Data shown ▸
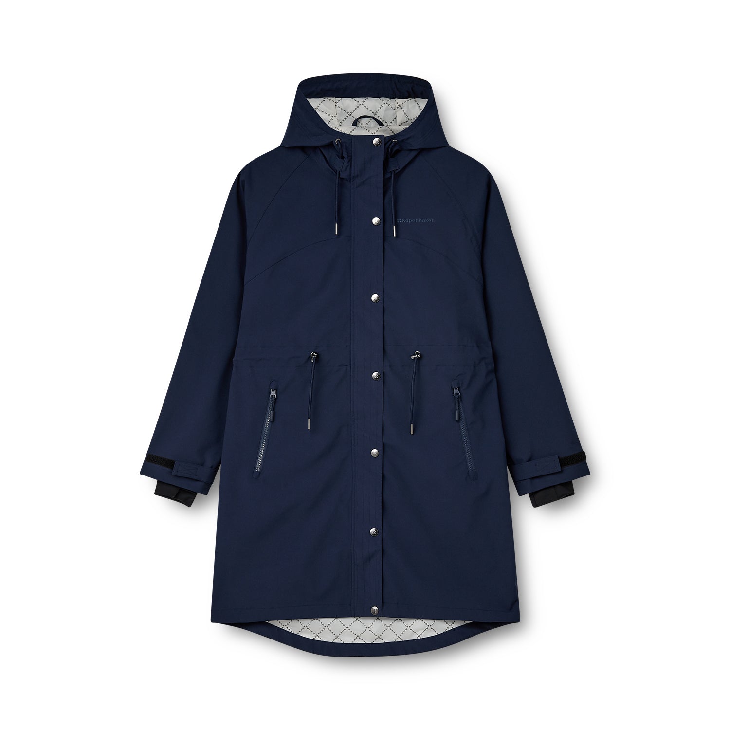 Kopenhaken vind og vandtæt dame jakke med snoretræk i hætten. Jakken har snøre udvendig i taljen samt to vandtætte lommer.
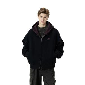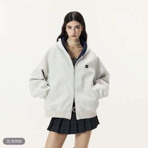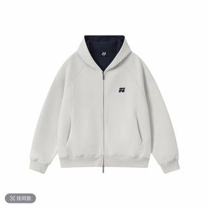 春秋新款微短款撞色刺绣双拉链开衫卫衣男女460g情侣连帽休YL轻奢
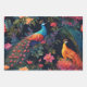 elegante, farbenfrohe Blaue und goldene Pfauen in einem wunderschönen Blumengarten auf schwarzer KUNST, GESCHAFFEN VON MINX267
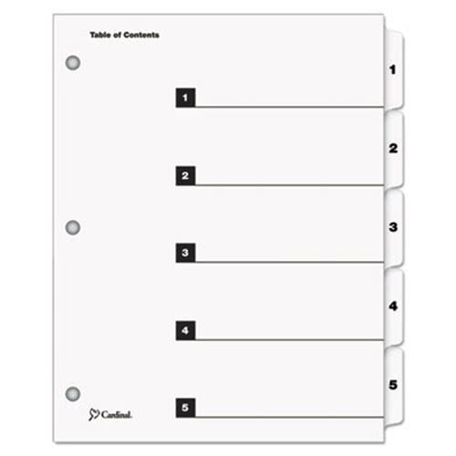 Traditional OneStep Index System Create multiple sets of professional-looking custom index sets in minutes using your laser or inkjet printer or copier. Mylar® reinforced tabs and content sheet. Three-hole punched for use in standard ring binders. Free software templates available on manufacturer’s website. Tab Style: 5-Tab; Tab Color(s): White; Index Divider Size: 11 x 8 1/2.Cardinal OneStep Index System, 5-Tab, 1-5, Letter, White, 5 Sheets
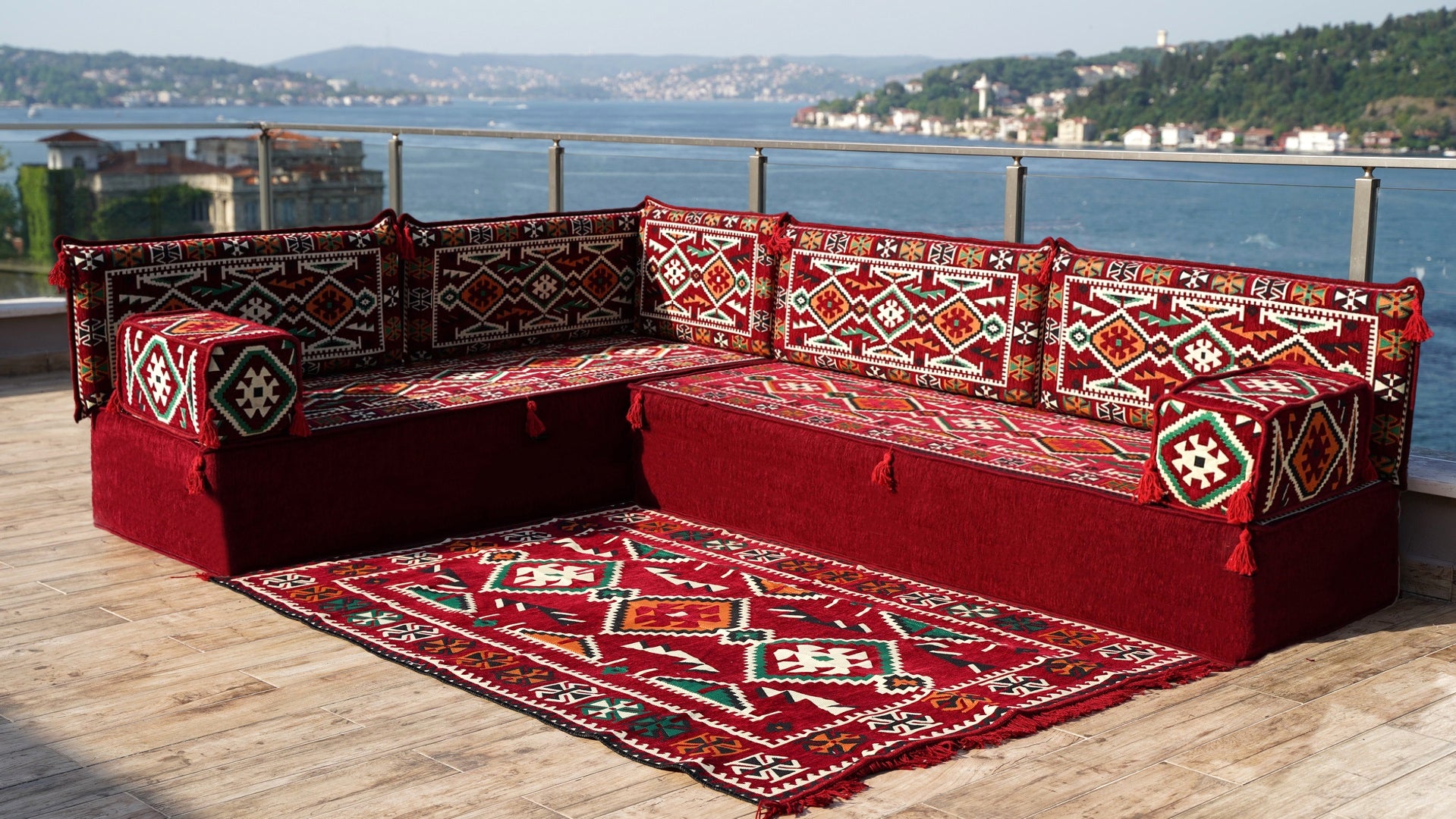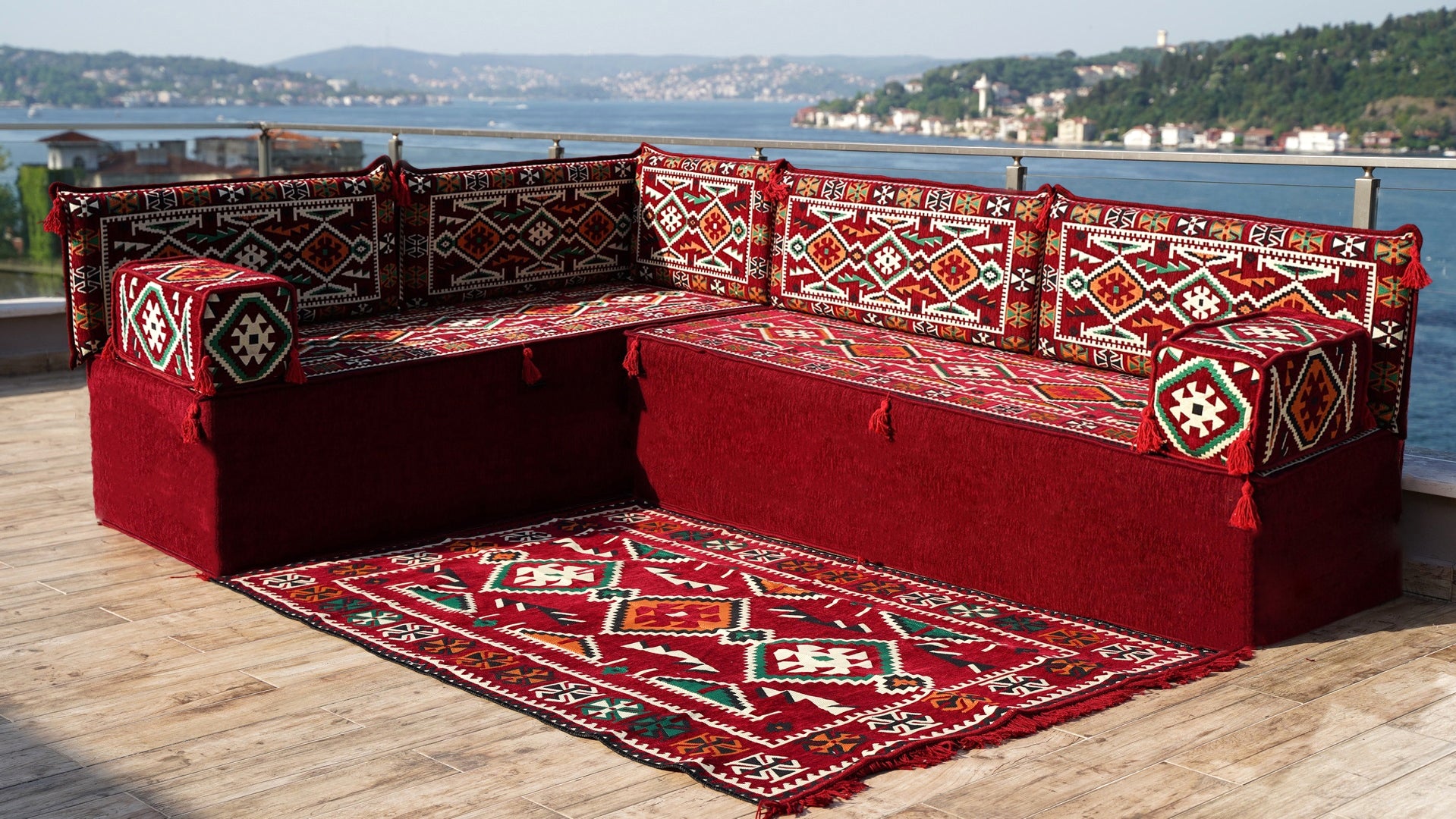 • 8'' Thickness L Sofa Set, Corner Floor Cushions, Moroccan Home Decor, Oriental Sofa Covers
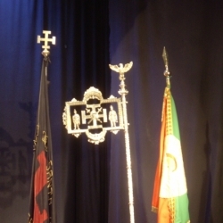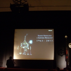 El pregonero recreó también sus recuerdos familiares desde el barrio de Santa Lucía y su vinculación a través de su padre al Imperio. También fue mencionando a personas que han tenido un papel relevante en la historia reciente de la Cofradía del Sepulcro y del medio siglo del Imperio Romano. Como homenaje a todos estos cofrades, incluyendo a los diez pregoneros que le han precedido en este acto, Salvador presentaba un audiovisual conmemorativo con algunas imágenes inéditas de la historia de las cuadrillas de romanos de nuestra ciudad.
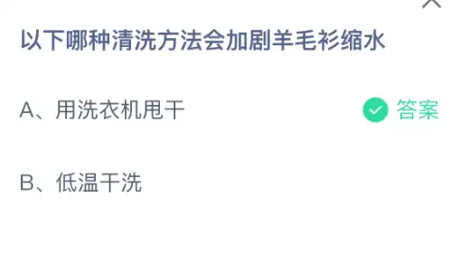 哪种洗涤方式会让羊毛衫缩水更严重?支付宝小鸡课堂开课啦!每天花一分钟答题赚饲料,喂喂小鸡就能贡献爱心,轻松又有意义!2025年12月25日蚂蚁庄园的小鸡课堂题目正确答案是【用洗衣机甩干】,用洗衣机甩干会加剧羊毛衫缩水。
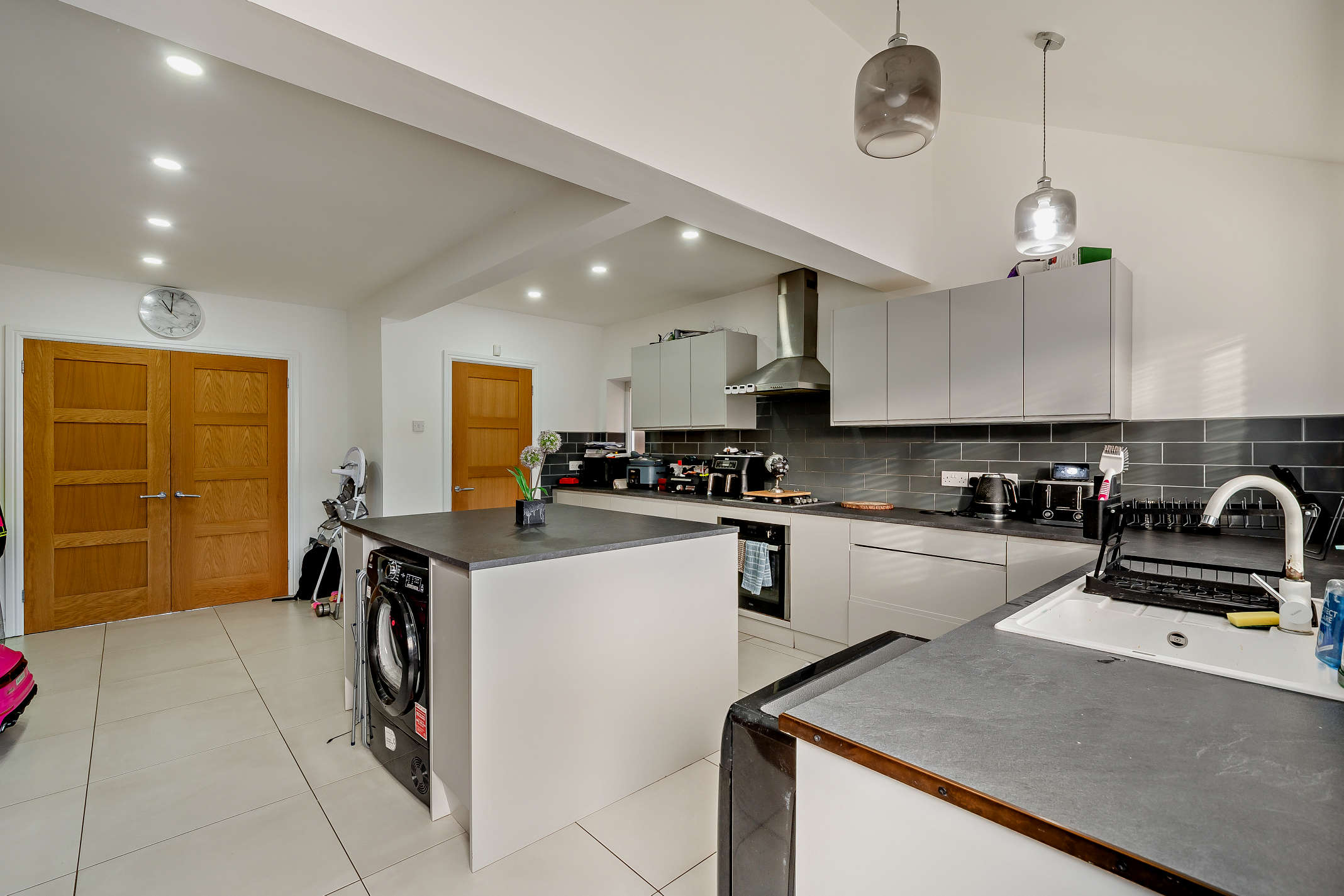 The generously sized kitchen is fully-fitted with white storage cupboards and built-in utilities, including an oven, gas hob and extractor fan. The room is finished with black wall tiles which gives the room its unique and modern style.

Aim of the task ▸
With pictures omitted, copy exactly the lines from the one containing "哪种洗涤方式会让羊毛衫缩水更" through the final line of the listing, both included.

Result ▸
 哪种洗涤方式会让羊毛衫缩水更严重?支付宝小鸡课堂开课啦!每天花一分钟答题赚饲料,喂喂小鸡就能贡献爱心,轻松又有意义!2025年12月25日蚂蚁庄园的小鸡课堂题目正确答案是【用洗衣机甩干】,用洗衣机甩干会加剧羊毛衫缩水。
 The generously sized kitchen is fully-fitted with white storage cupboards and built-in utilities, including an oven, gas hob and extractor fan. The room is finished with black wall tiles which gives the room its unique and modern style.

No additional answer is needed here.